## Aim of the task
In the material below, find the span from the line with "Police set to" to the line with "상하모니터에서 아래화면에 POS화면을" and transcribe only those lines, exactly, ends included, without the pictures.

## Information provided

::::::::::

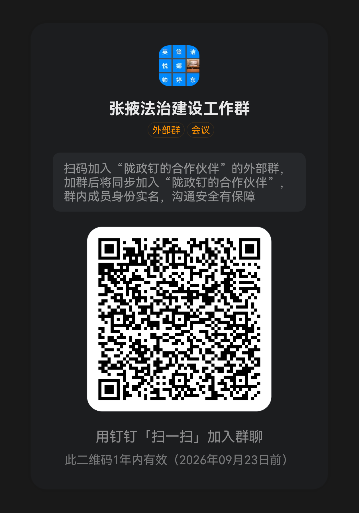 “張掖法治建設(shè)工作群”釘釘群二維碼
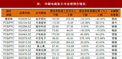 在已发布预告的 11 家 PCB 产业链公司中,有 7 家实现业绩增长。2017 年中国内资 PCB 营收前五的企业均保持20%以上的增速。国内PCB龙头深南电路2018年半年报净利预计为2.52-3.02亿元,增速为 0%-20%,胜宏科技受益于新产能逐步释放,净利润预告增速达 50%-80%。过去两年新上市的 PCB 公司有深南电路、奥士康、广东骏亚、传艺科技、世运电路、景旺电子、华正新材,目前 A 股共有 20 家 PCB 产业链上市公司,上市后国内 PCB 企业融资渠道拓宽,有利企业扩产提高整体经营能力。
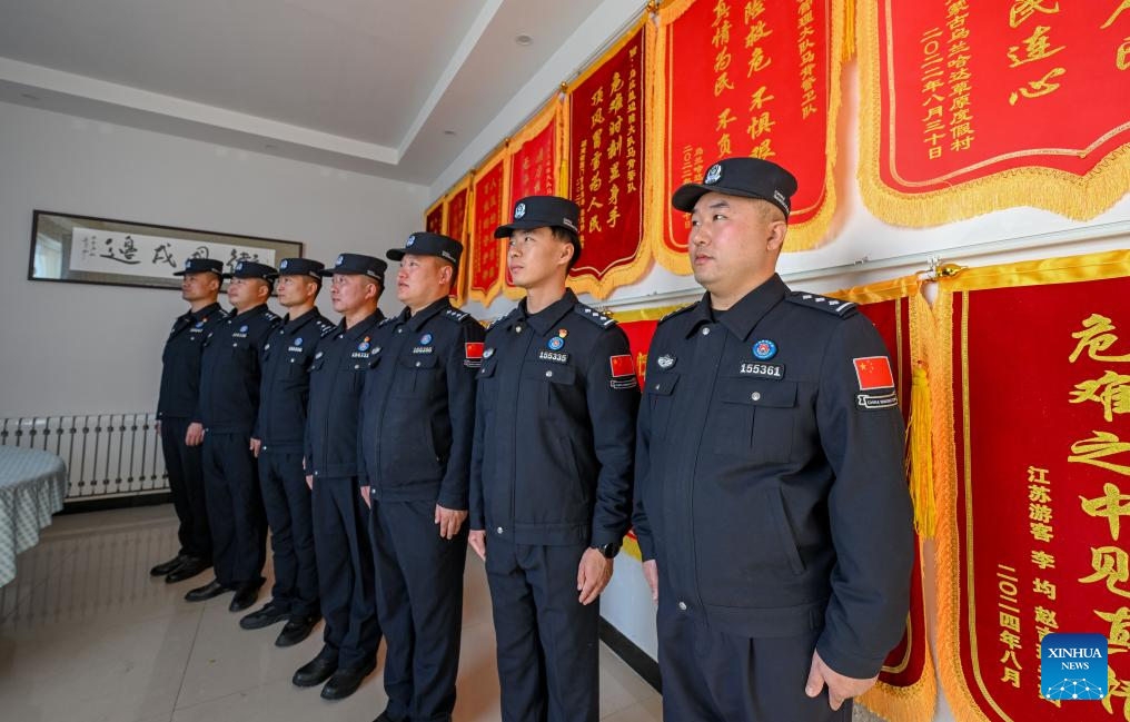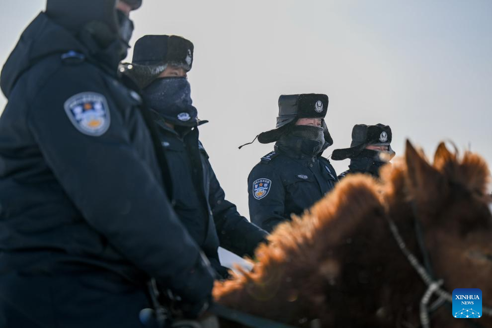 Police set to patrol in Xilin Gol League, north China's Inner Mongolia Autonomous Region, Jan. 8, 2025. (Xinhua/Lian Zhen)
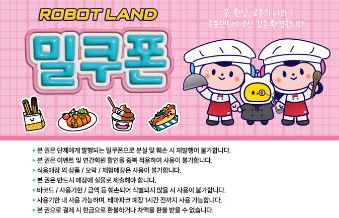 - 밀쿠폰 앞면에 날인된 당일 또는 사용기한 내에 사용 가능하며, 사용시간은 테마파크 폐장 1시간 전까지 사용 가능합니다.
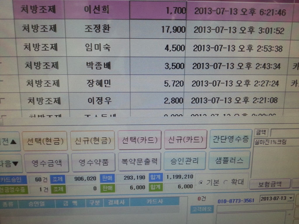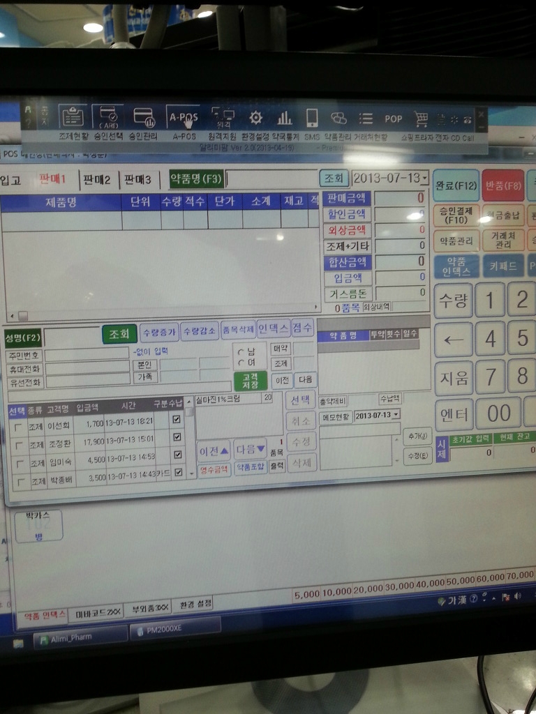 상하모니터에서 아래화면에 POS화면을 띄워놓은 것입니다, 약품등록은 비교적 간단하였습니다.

::::::::::

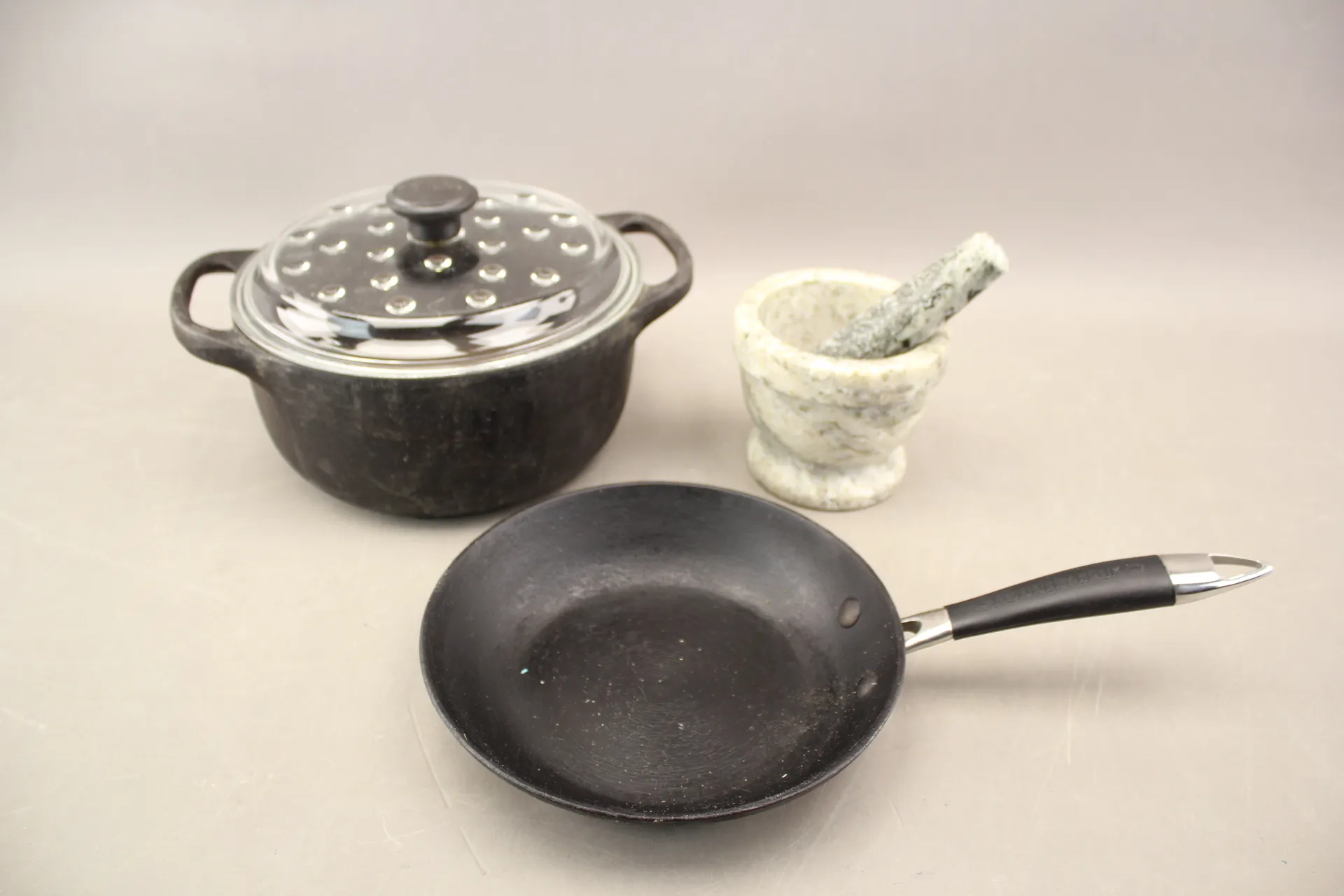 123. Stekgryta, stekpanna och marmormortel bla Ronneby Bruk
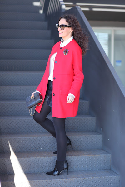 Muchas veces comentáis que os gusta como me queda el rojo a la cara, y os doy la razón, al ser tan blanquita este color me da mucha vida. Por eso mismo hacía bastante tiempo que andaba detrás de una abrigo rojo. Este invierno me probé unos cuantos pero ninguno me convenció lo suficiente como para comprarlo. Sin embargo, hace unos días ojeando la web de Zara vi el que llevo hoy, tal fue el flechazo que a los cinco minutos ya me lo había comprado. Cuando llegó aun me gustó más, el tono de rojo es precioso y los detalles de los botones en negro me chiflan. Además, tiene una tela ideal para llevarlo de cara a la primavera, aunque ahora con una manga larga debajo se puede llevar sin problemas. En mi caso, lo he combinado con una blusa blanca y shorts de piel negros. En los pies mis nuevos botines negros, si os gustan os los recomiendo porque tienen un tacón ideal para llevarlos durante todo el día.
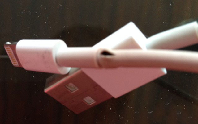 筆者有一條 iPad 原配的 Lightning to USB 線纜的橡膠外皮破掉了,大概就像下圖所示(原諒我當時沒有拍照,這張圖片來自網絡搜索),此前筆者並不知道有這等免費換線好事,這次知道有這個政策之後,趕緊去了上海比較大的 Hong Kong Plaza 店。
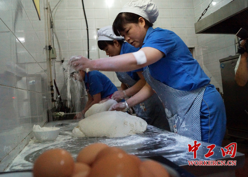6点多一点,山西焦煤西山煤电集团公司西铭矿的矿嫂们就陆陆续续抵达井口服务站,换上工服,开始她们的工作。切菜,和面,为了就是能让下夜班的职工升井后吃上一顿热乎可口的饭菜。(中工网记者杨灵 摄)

::::::::::

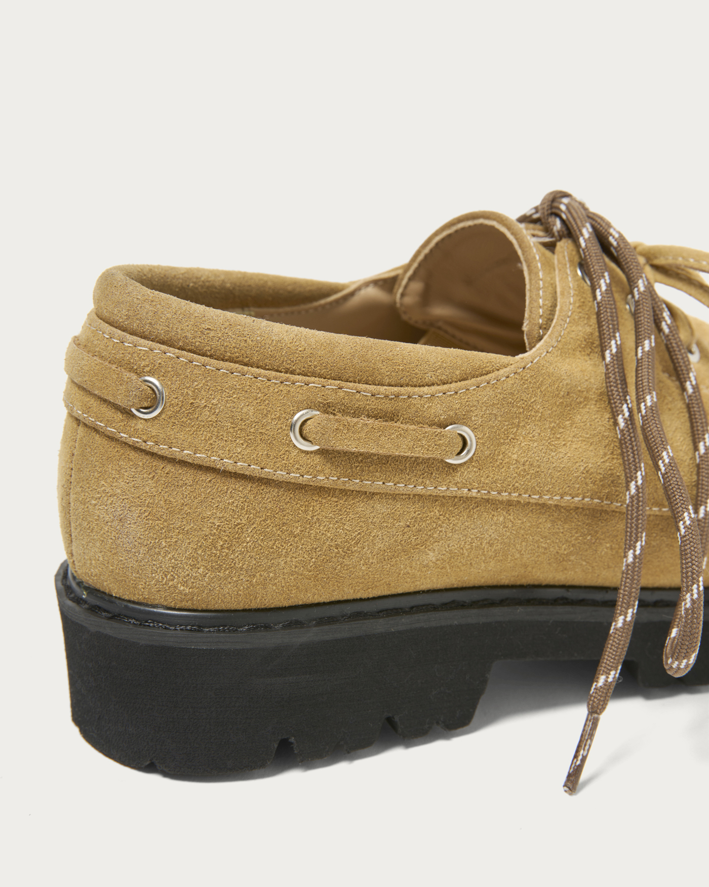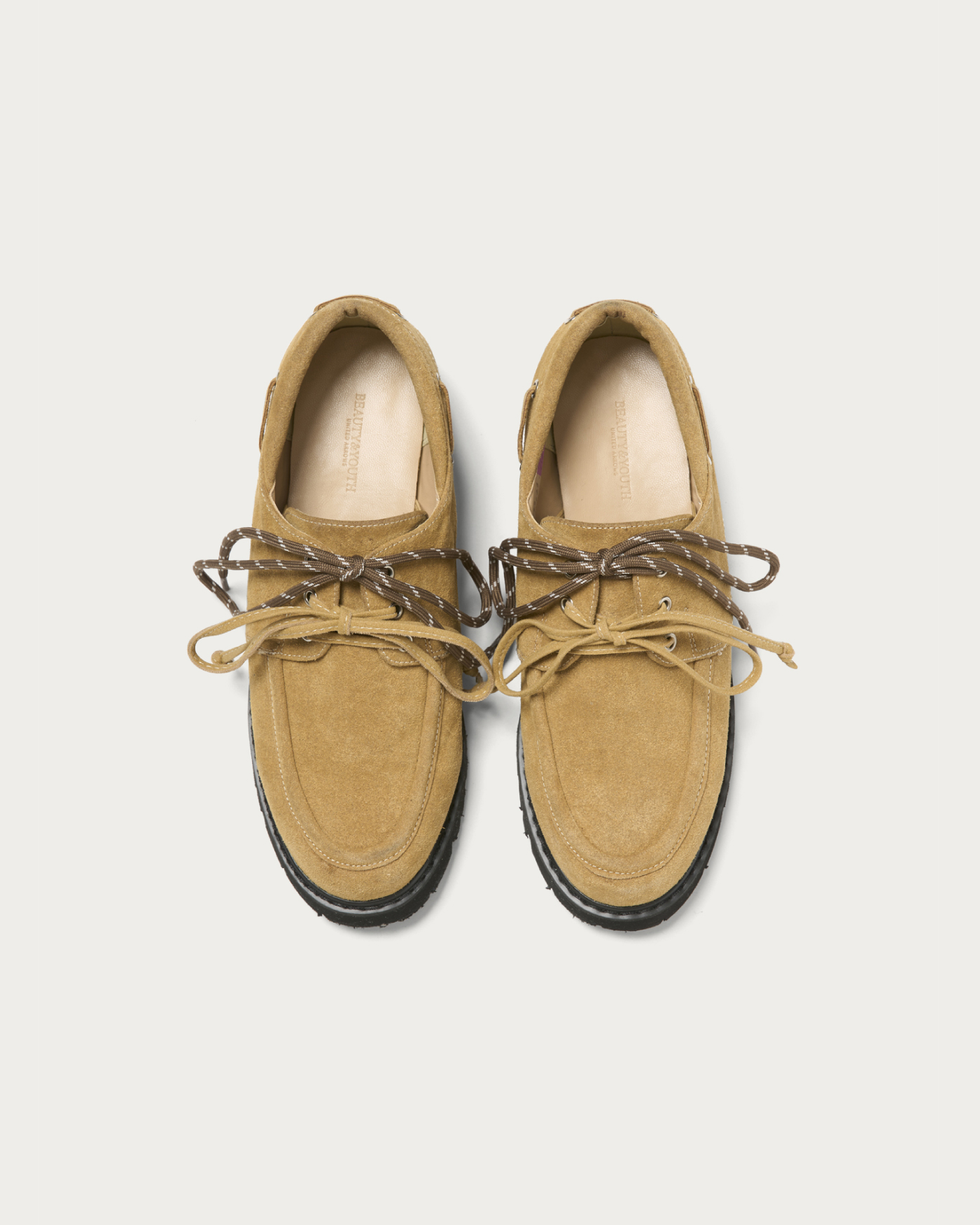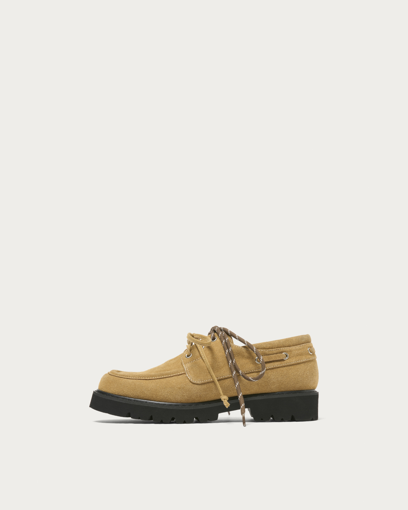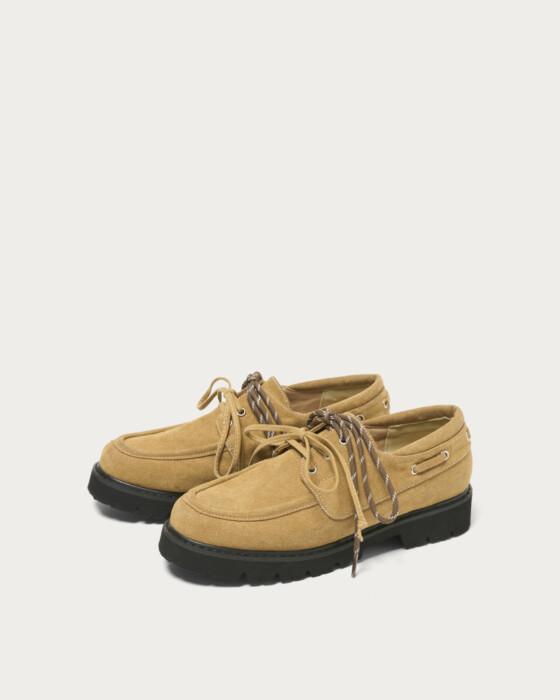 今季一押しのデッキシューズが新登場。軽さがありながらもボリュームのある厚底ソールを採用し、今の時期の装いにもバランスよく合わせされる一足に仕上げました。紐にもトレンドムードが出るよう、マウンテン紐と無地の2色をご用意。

::::::::::

## Task result
 Police set to patrol in Xilin Gol League, north China's Inner Mongolia Autonomous Region, Jan. 8, 2025. (Xinhua/Lian Zhen)
 - 밀쿠폰 앞면에 날인된 당일 또는 사용기한 내에 사용 가능하며, 사용시간은 테마파크 폐장 1시간 전까지 사용 가능합니다.
 상하모니터에서 아래화면에 POS화면을 띄워놓은 것입니다, 약품등록은 비교적 간단하였습니다.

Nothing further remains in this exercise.